### What you are asked to do
Write out the stretch of lines below that begins at the line with "Condition: This painting" and ends at the line with "5. Recover: The", including both, exactly as given and nothing more.

%%

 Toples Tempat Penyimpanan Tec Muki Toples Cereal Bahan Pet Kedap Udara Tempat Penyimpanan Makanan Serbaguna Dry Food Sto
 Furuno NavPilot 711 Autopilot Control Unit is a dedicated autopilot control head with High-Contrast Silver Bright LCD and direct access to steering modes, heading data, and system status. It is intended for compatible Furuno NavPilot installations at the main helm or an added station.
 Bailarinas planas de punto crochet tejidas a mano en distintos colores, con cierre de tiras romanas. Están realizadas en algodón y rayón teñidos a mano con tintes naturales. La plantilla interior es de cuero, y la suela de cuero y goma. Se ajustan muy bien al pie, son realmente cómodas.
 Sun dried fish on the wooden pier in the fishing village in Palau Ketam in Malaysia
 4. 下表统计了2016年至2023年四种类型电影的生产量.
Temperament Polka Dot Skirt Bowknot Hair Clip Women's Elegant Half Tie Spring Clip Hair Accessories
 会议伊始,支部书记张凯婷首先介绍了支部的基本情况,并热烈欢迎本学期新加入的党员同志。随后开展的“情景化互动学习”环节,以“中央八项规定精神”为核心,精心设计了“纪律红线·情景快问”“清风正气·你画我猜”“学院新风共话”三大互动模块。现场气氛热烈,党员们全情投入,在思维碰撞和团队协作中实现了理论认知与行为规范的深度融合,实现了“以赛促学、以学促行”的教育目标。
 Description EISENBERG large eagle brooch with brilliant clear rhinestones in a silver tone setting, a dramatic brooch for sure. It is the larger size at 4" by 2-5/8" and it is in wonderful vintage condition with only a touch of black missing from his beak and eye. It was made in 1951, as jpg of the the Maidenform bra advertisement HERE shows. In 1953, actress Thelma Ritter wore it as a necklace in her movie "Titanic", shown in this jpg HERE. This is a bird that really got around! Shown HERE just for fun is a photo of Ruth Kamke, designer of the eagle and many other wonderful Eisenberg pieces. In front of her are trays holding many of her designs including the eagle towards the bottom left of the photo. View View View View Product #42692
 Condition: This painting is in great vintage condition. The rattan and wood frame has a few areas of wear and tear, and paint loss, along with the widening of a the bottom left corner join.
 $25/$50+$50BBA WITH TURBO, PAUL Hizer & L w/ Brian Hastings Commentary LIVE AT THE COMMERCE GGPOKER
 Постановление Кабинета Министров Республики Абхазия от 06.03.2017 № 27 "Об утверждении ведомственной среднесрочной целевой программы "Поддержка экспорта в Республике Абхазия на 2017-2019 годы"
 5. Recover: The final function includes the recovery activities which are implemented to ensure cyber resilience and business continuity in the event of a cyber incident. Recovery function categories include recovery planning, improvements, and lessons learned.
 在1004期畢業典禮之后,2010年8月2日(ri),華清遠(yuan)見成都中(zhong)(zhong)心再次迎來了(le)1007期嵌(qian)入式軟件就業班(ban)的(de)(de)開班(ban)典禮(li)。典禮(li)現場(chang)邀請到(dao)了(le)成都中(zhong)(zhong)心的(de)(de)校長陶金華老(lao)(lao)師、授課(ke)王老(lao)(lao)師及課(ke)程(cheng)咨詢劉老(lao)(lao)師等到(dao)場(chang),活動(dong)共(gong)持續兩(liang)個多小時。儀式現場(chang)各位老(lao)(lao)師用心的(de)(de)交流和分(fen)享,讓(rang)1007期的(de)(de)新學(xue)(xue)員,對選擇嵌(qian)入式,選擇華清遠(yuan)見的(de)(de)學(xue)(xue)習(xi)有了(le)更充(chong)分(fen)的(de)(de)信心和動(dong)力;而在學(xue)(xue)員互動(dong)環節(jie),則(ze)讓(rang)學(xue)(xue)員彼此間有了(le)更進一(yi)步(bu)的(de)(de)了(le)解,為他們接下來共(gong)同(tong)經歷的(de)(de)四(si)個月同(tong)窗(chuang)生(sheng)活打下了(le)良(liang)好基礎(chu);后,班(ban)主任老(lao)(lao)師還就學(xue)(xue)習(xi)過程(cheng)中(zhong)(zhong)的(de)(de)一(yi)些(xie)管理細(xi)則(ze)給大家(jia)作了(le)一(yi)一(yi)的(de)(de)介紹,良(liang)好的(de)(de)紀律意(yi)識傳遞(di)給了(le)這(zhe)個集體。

%%

### Output of the exercise
 Condition: This painting is in great vintage condition. The rattan and wood frame has a few areas of wear and tear, and paint loss, along with the widening of a the bottom left corner join.
 $25/$50+$50BBA WITH TURBO, PAUL Hizer & L w/ Brian Hastings Commentary LIVE AT THE COMMERCE GGPOKER
 Постановление Кабинета Министров Республики Абхазия от 06.03.2017 № 27 "Об утверждении ведомственной среднесрочной целевой программы "Поддержка экспорта в Республике Абхазия на 2017-2019 годы"
 5. Recover: The final function includes the recovery activities which are implemented to ensure cyber resilience and business continuity in the event of a cyber incident. Recovery function categories include recovery planning, improvements, and lessons learned.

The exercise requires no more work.